Last talk of the day from Kevin Ashley (from the Digital Curation Centre) – he says if you don’t know what data citation is now, he hopes he will be able to tell you why you should care about it and why it will be important in the future.
Kevin mentioning the DCC Curation Lifecycle Model – but today’s talk is focussing only on one aspect – Access, Use and Reuse.
So – why should we care about data citation? Kevin giving example of paper on LIDAR and RADAR images of ice clouds – in paper, only images – not the data used to create those images. Kevin showing how data can be misrepresented – showing graphs that don’t start at zero on one scale can lead to misleading conclusions.
So – data behind graphs can be very important. Kevin says that data used to support statements in publication should be as accessible as the publication – so statements and findings can be examined and challenged.
Kevin showing how you can misrepresent data – e.g. by taking a subset of results (that happen to favour a particular conclusion) – the data published is not always (all of) the data collected. Kevin mentioning a few texts on this – and my favourite that I was googling as he spoke ‘How to Lie with Statistics’ by Darrell Huff
Kevin giving example of studying Biodiversity – requires many different data sources, some of which won’t be published, some of which won’t have been compiled through academic research…
All of these issues mean we really ought to care about data citation.
‘Data is Different’. With traditional bibliographic resources it has basically come from a ‘print’ paradigm – i.e. ‘published’ – we’ve moved online with many of these resources, but still fundamentally the same – you ‘publish’ something and then you cite it.
However, a data set may be being added to on a continuing basis – a telescope maybe collecting more and more data all the time. What you cite now may be different by tomorrow (Kevin draws parallel to citing web resources like blogs)
So – approaches to dealing with this:
- Giving data digital object identifiers (e.g. datacite)
- Capturing data subsets at a point of publication
- Freezing those subsets somewhere
- Publication led
These works well in certain areas
- Dataverse (thedata.org) – submit your data, get a checksum (so you can check if it has changed since publication) and citation and publish
- Ebank/ecrystals – harvest, stor, cite
- DataCite – working at national level with libraries and data centers
However, data changes and can be very very big: – can be changing by the second, and be petabytes in size. If you take a ‘publication’ approach – it may not be apparent that four different references to subsets of data are actually all part of the same dataset.
One way of dealing with ‘big data’ issue – rather than making copies – keep change records – create reference mechanises that allow reference to a specific change point – Kevin mentioning Memento as a possible model for this.
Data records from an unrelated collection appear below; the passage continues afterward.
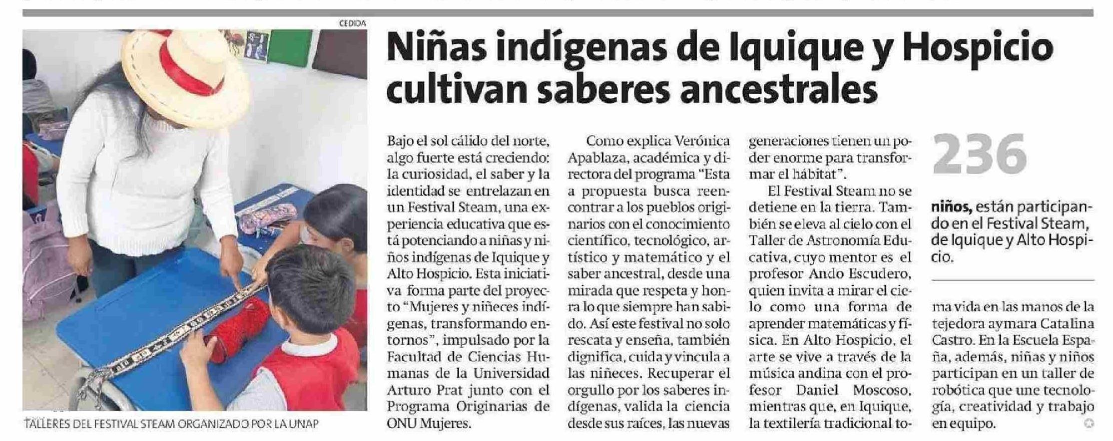 Niñas indígenas de Iquique y Hospicio cultivan saberes ancestrales 05-06-2025 La Estrella de Iquique |
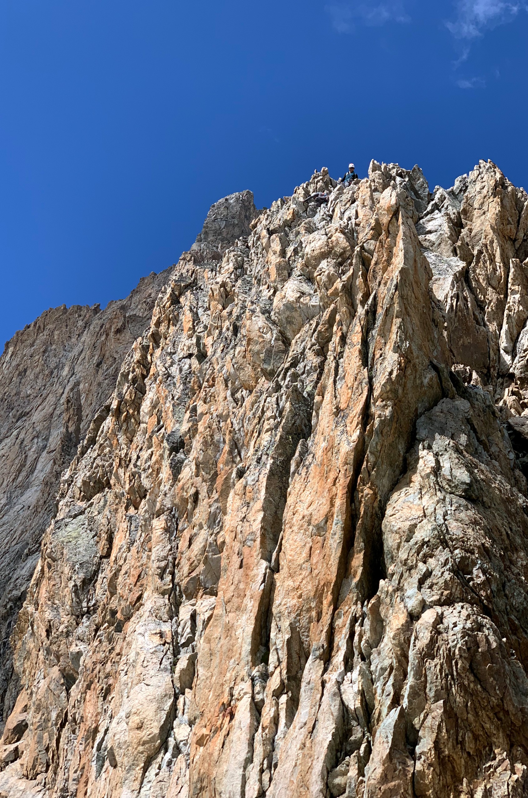 Eau, nourriture et selfies, la routine du sommet. Joie modérée, car je vois mieux ce que Mathieu veut dire par « au sommet, c’est loin d’être fini ». Trois rappels sont nécessaires pour descendre du Grand Pic sur la Brèche Zsigmondy. Lentement, très lentement, je me laisse glisser sur ce brin de corde qui me livre au vide. En plein jour, le vide est omnipotent. Si seulement il pouvait faire encore nuit, juste le temps des rappels !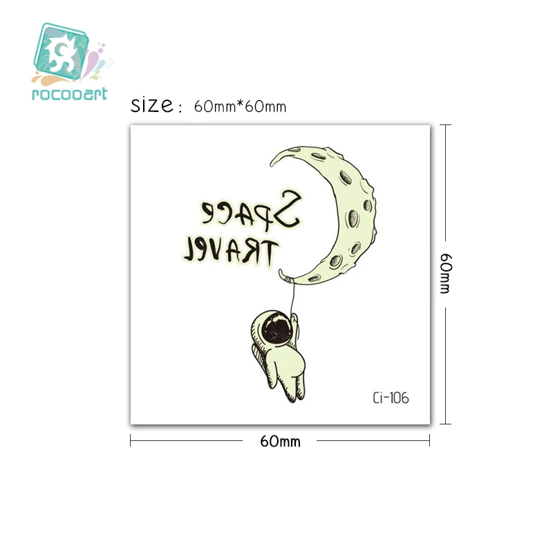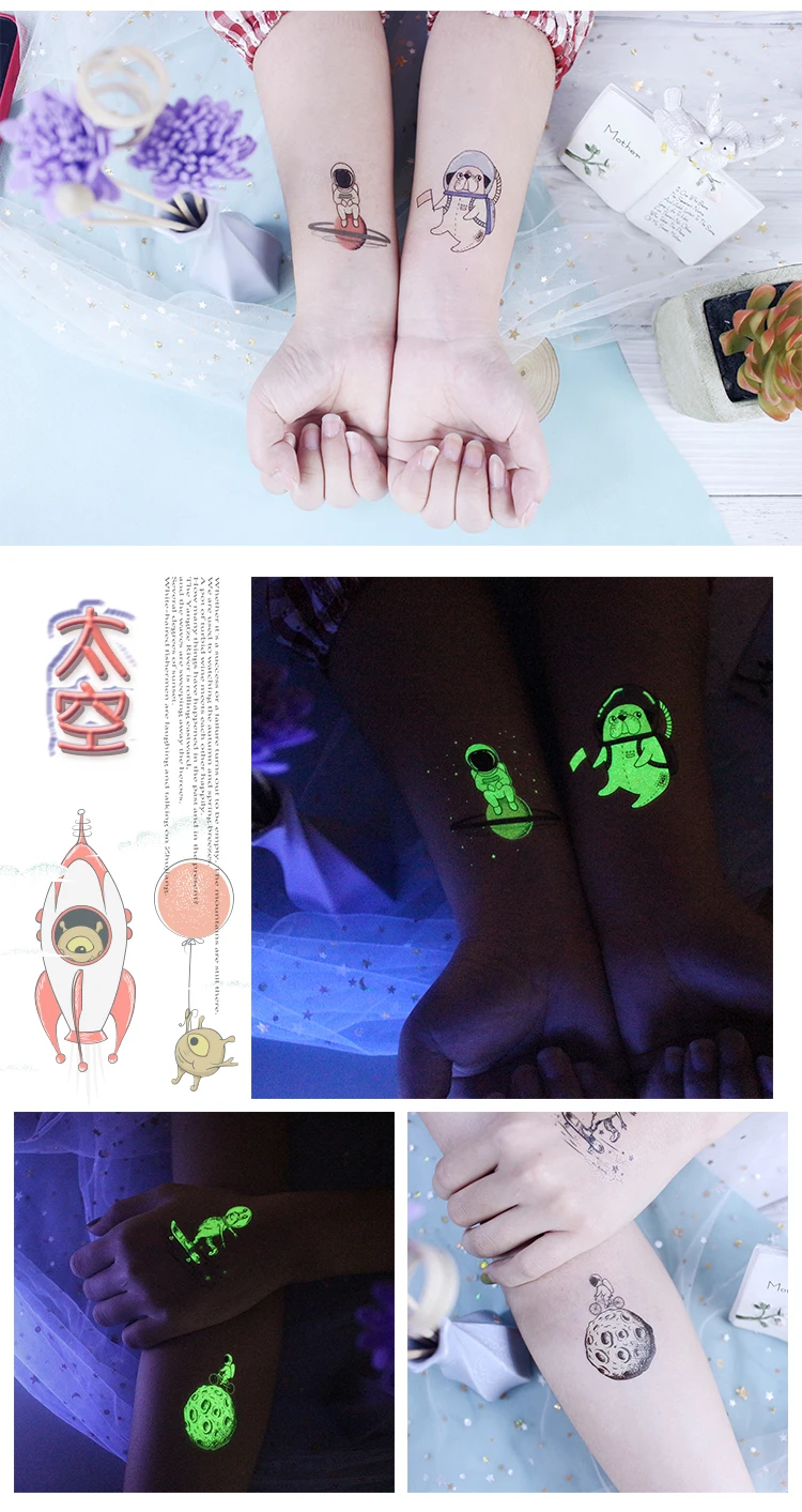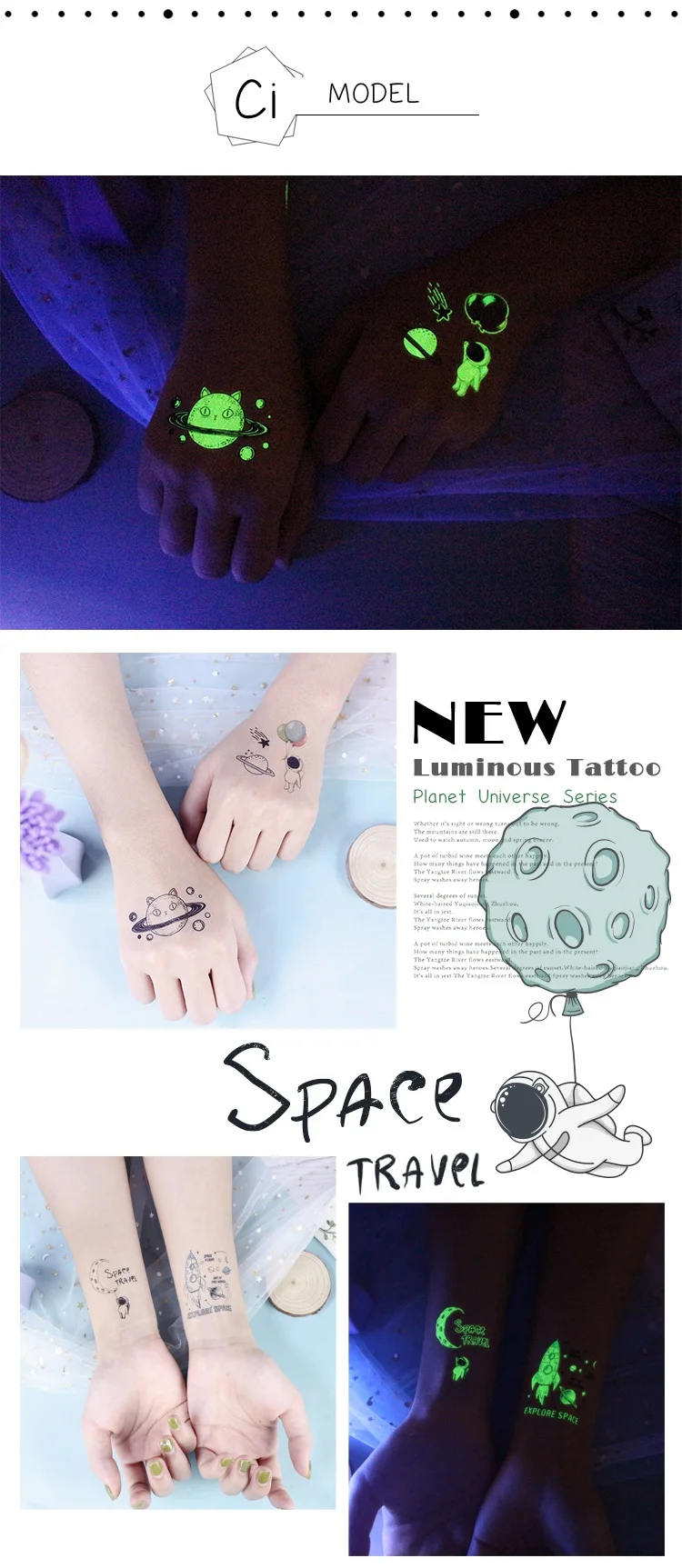 Rocooart маленькая татуировка, Светящиеся Татуировки, наклейки, Мультяшные Космические Планеты, поддельные татуировки для детей, светящиеся водонепроницаемые временные татуировки
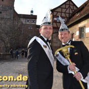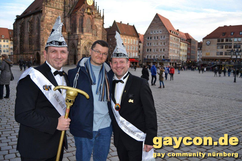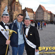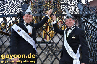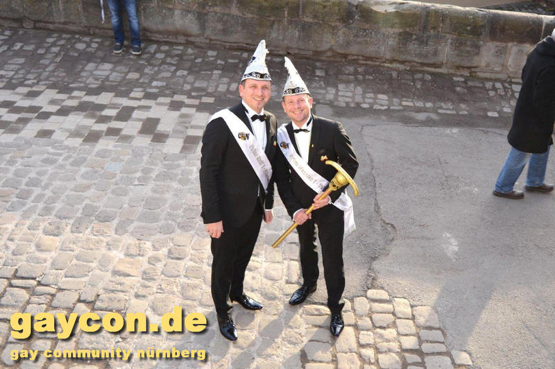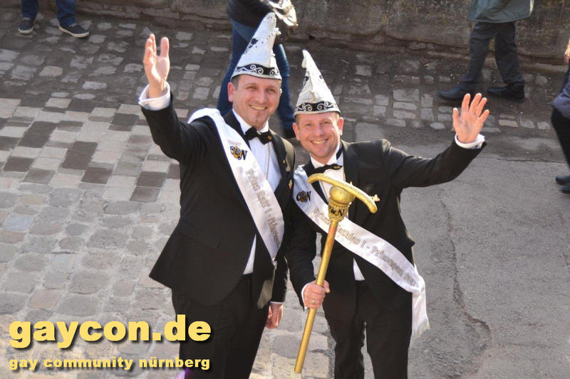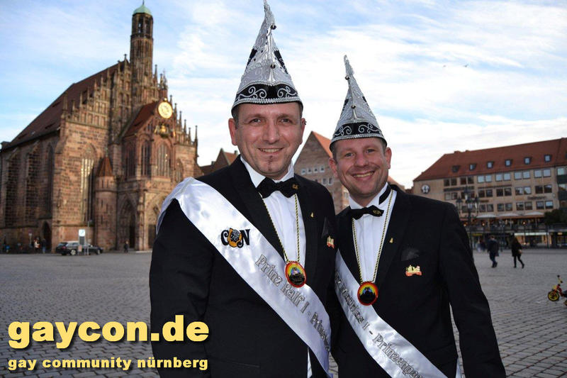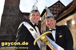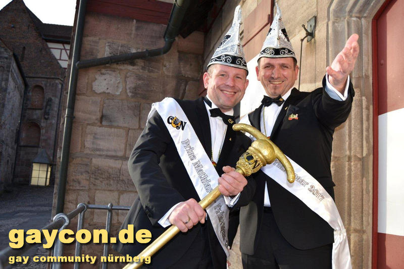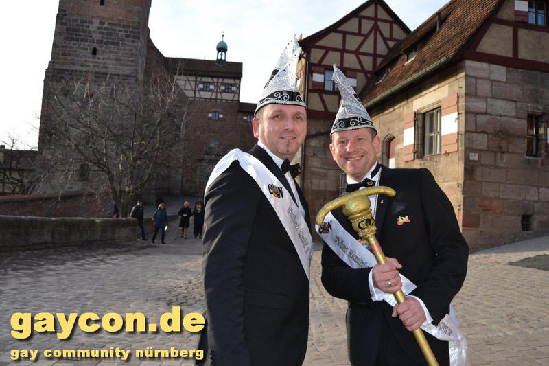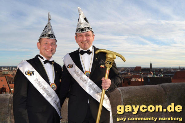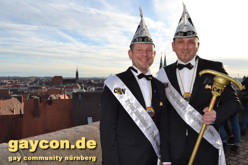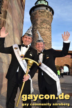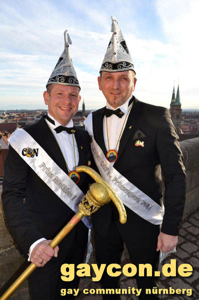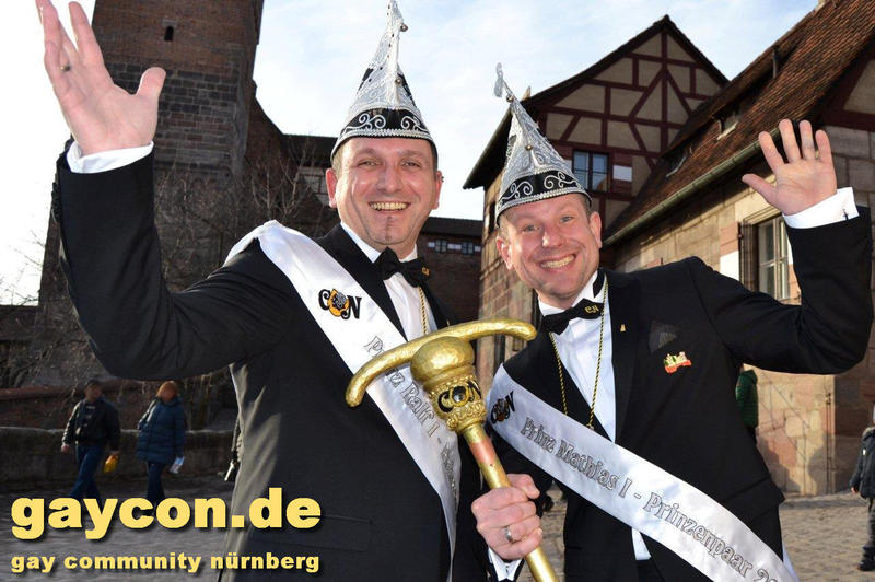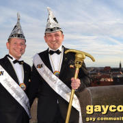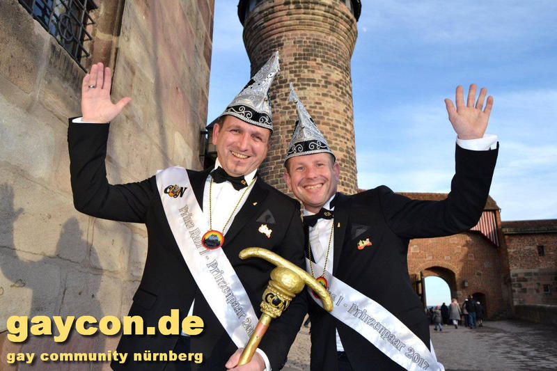 Ein neues Männerprinzenpaar aus Franken! Seit der ersten Prunksitzung der Karnevalgesellschaft „Coburger Narrhalla“ im Januar 2017 sind Ralf (47) und Mathias (36) Kühne offiziell im Amt. Die Würdenträger Ralf I. & Mathias I. nahmen das Marketing-Motto „Coburg ist bunt“ beim Wort und haben ihre Orden entsprechend mit einem Regenbogen entwerfen lassen. Die Farben der LSBTI-Szene sollen auch deutlich machen, dass noch längst nicht alle Rechte gleichgesetzt sind. Als hoheitlicher Besuch kamen die frisch gekürten Prinzen nun zum Interview in die Frankenhauptstadt. Die Nürnberger Burg lag standesgemäß zum Fotoshooting im besten Sonnenlicht. In den Jahren 2015 und 2016 regierten Gerald Fischer und Dirk Stauch bei dem „Langstädter Fousanachtern“ in Küps/ Oberlangenstadt im Landkreis Kronach die zweijährige Faschingssaison als erstes fränkisches Männerprinzenpaar überhaupt (GAYCON berichtete).

Another alternative is using ‘annotation’ rather than citations. When data sources have many (thousands) of contributors instead of citing data sources in publications, annotate data sources with publications. Example of ‘Mondrian’ approach where blocks of colour are assigned based on what types of annotation there are for different parts of the dataset. Turns data set into something that can be challenged in itself…
Kevin mentioning Buneman’s desiderata (see http://homepages.inf.ed.ac.uk/opb/homepagefiles/harmarnew.pdf)
Kevin concerned that the tools we have now aren’t quite ready for the challenges of data citation.